• **DATA**
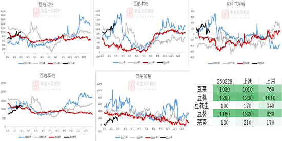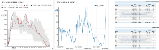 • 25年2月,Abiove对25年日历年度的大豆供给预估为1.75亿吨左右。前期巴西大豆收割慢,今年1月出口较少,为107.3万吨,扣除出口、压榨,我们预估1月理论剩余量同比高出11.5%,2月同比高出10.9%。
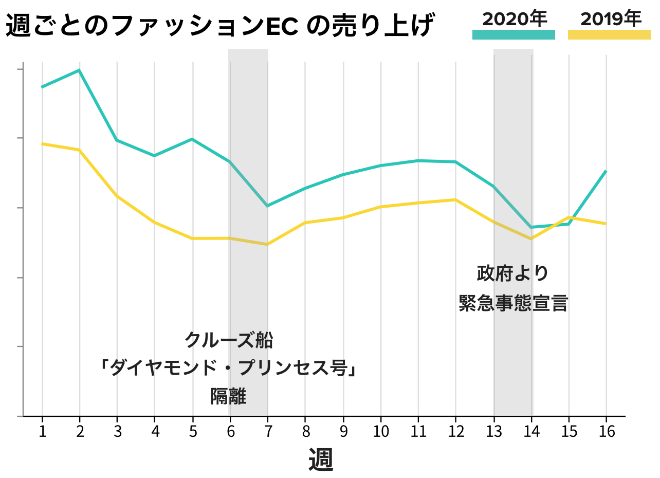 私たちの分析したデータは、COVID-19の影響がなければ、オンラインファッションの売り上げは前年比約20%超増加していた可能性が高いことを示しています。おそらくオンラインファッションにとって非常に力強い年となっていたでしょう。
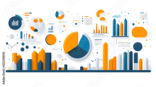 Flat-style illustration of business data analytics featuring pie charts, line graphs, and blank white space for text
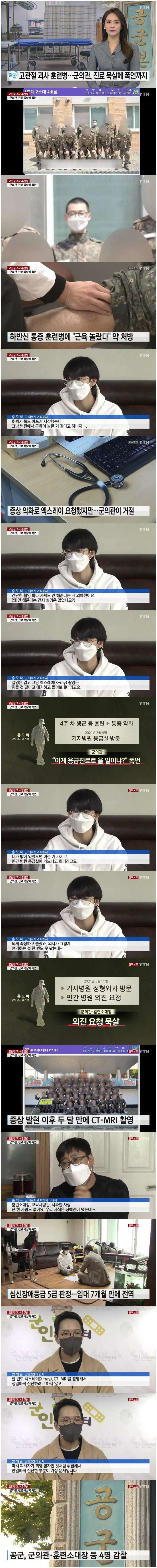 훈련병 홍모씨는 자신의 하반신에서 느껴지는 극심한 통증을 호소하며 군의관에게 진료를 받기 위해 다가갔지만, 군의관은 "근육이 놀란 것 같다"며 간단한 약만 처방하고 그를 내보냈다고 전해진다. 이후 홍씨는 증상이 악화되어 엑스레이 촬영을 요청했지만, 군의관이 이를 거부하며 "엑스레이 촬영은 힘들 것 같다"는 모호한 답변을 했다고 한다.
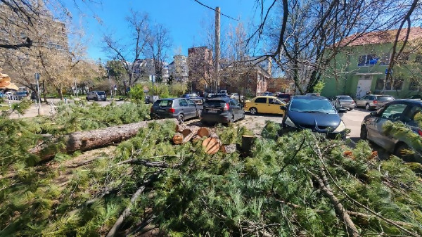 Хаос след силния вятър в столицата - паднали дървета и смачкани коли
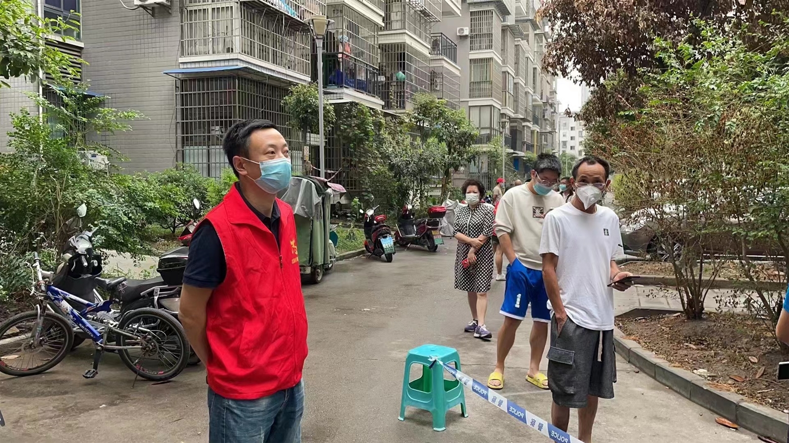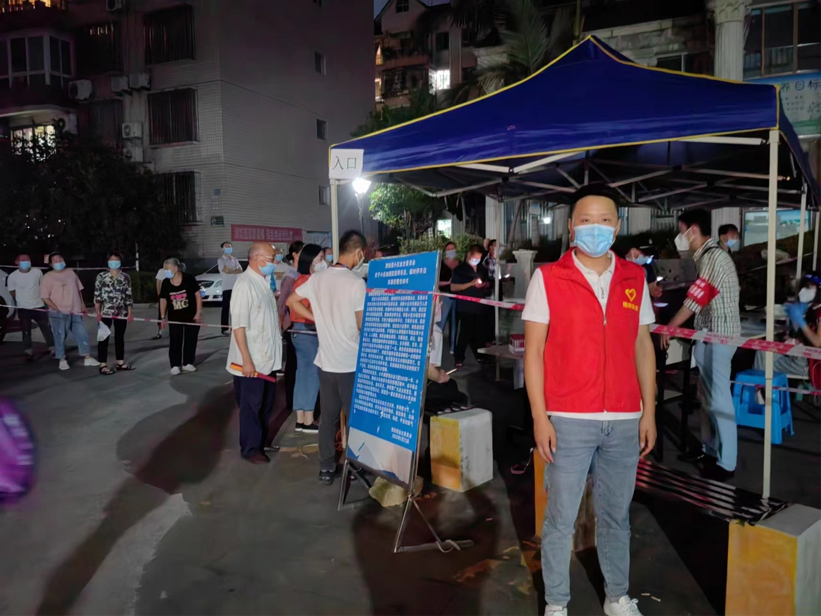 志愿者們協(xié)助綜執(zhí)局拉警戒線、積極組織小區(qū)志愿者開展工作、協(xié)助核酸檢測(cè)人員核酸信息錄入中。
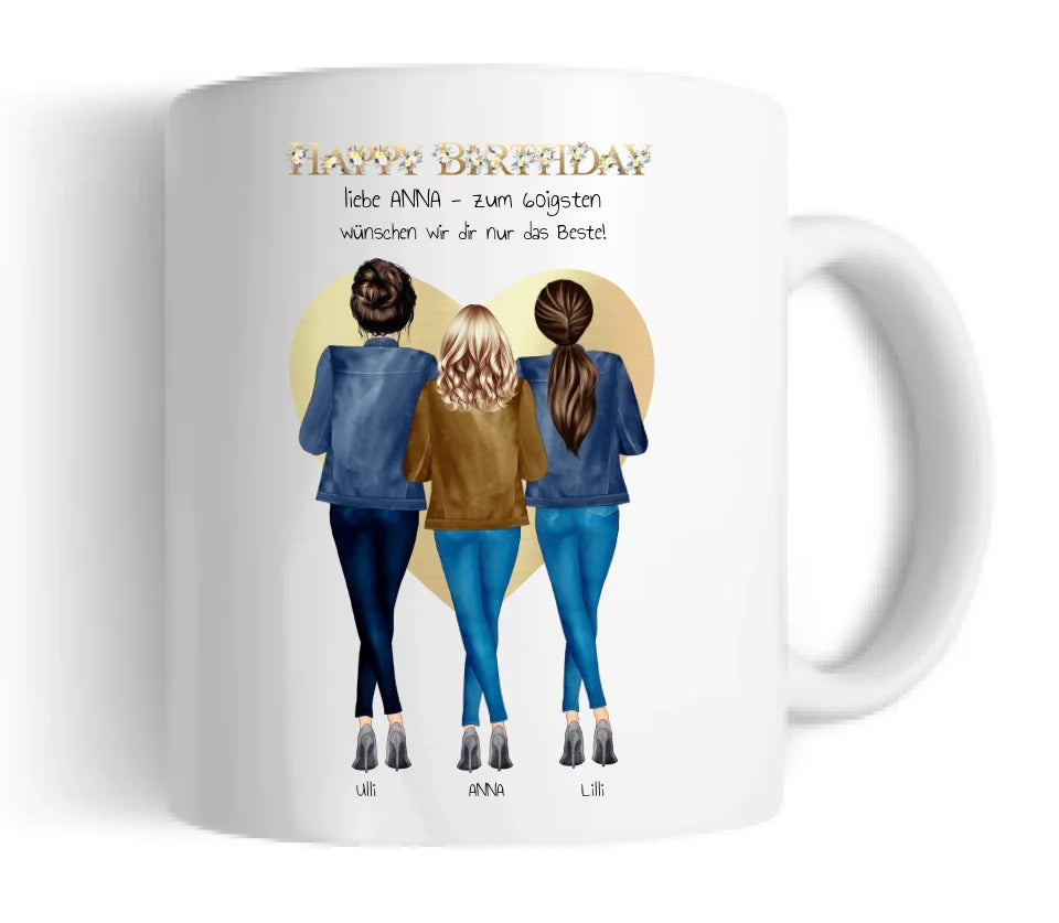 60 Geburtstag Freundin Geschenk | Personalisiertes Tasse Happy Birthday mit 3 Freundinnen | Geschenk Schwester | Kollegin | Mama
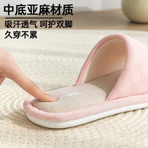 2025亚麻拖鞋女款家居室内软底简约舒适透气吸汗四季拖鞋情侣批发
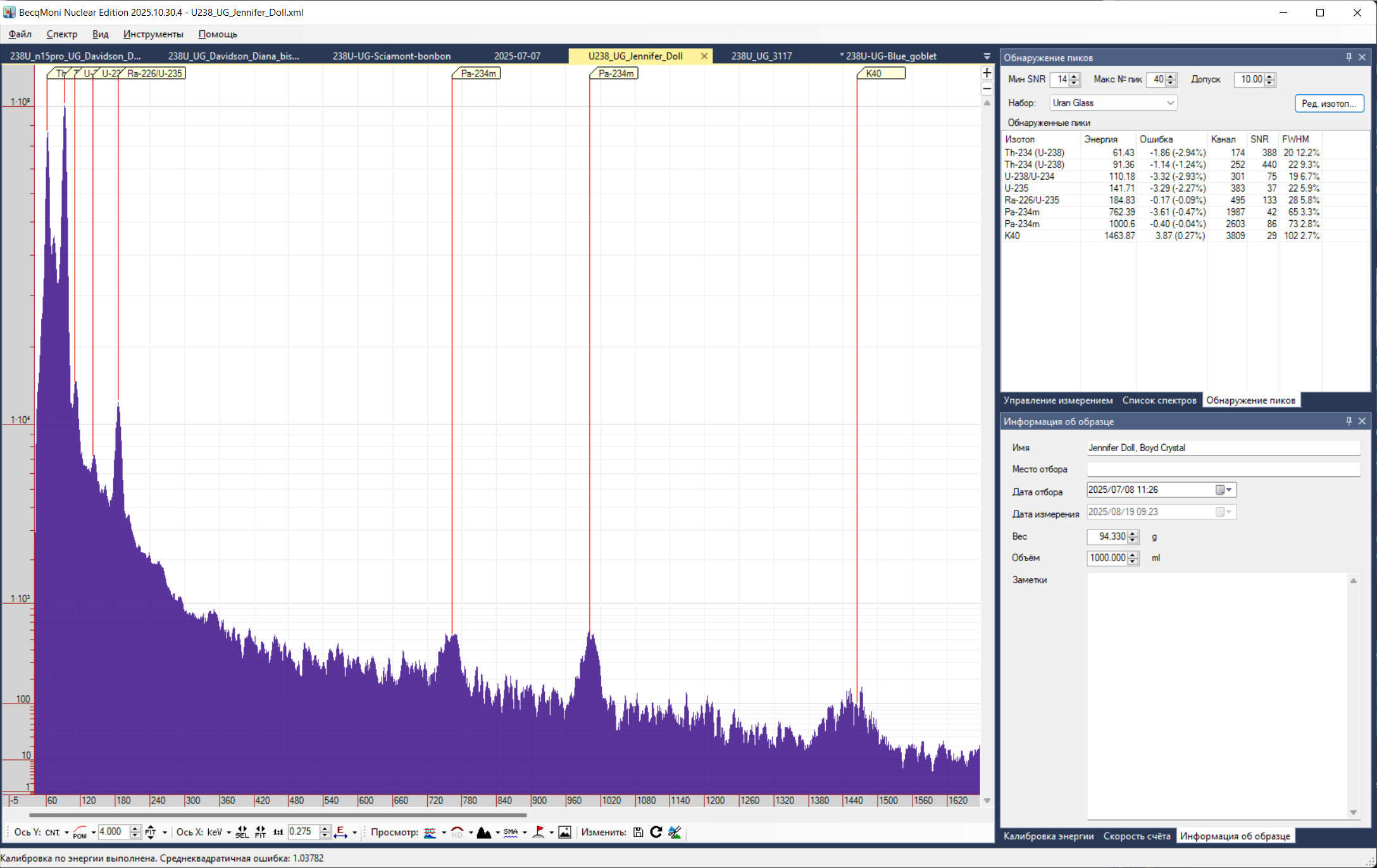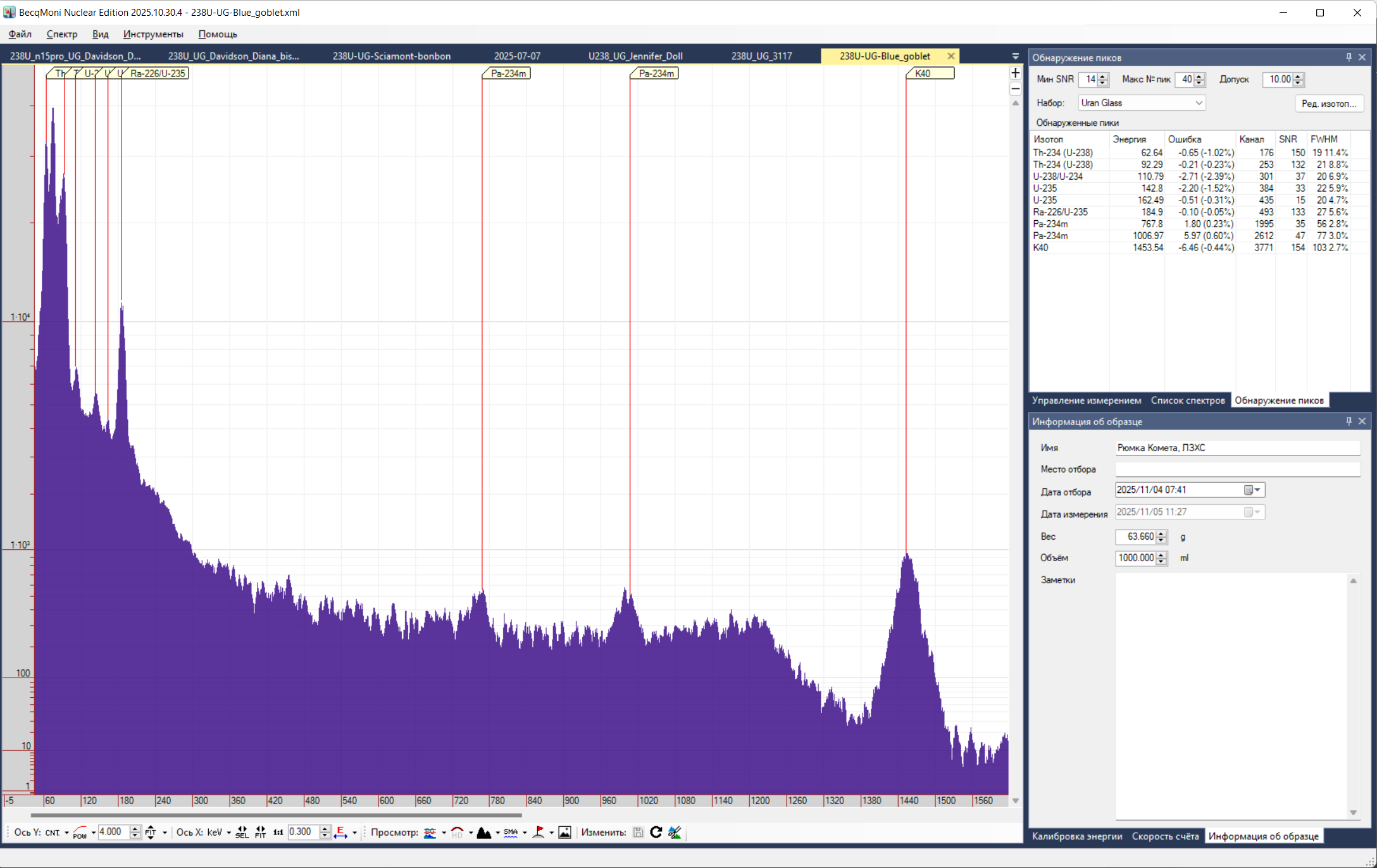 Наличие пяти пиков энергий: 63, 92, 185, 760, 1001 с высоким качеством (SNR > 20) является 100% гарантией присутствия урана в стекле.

• **ASSIGNMENT**
Pictures excluded, give again exactly and only the lines of the material above from the line with "私たちの分析したデータは、C" through the line with "2025亚麻拖鞋女款家居室内软底简约舒适透气吸汗四季拖鞋情侣批发".

• **WRITTEN ANSWER**
 私たちの分析したデータは、COVID-19の影響がなければ、オンラインファッションの売り上げは前年比約20%超増加していた可能性が高いことを示しています。おそらくオンラインファッションにとって非常に力強い年となっていたでしょう。
 Flat-style illustration of business data analytics featuring pie charts, line graphs, and blank white space for text
 훈련병 홍모씨는 자신의 하반신에서 느껴지는 극심한 통증을 호소하며 군의관에게 진료를 받기 위해 다가갔지만, 군의관은 "근육이 놀란 것 같다"며 간단한 약만 처방하고 그를 내보냈다고 전해진다. 이후 홍씨는 증상이 악화되어 엑스레이 촬영을 요청했지만, 군의관이 이를 거부하며 "엑스레이 촬영은 힘들 것 같다"는 모호한 답변을 했다고 한다.
 Хаос след силния вятър в столицата - паднали дървета и смачкани коли
 志愿者們協(xié)助綜執(zhí)局拉警戒線、積極組織小區(qū)志愿者開展工作、協(xié)助核酸檢測(cè)人員核酸信息錄入中。
 60 Geburtstag Freundin Geschenk | Personalisiertes Tasse Happy Birthday mit 3 Freundinnen | Geschenk Schwester | Kollegin | Mama
 2025亚麻拖鞋女款家居室内软底简约舒适透气吸汗四季拖鞋情侣批发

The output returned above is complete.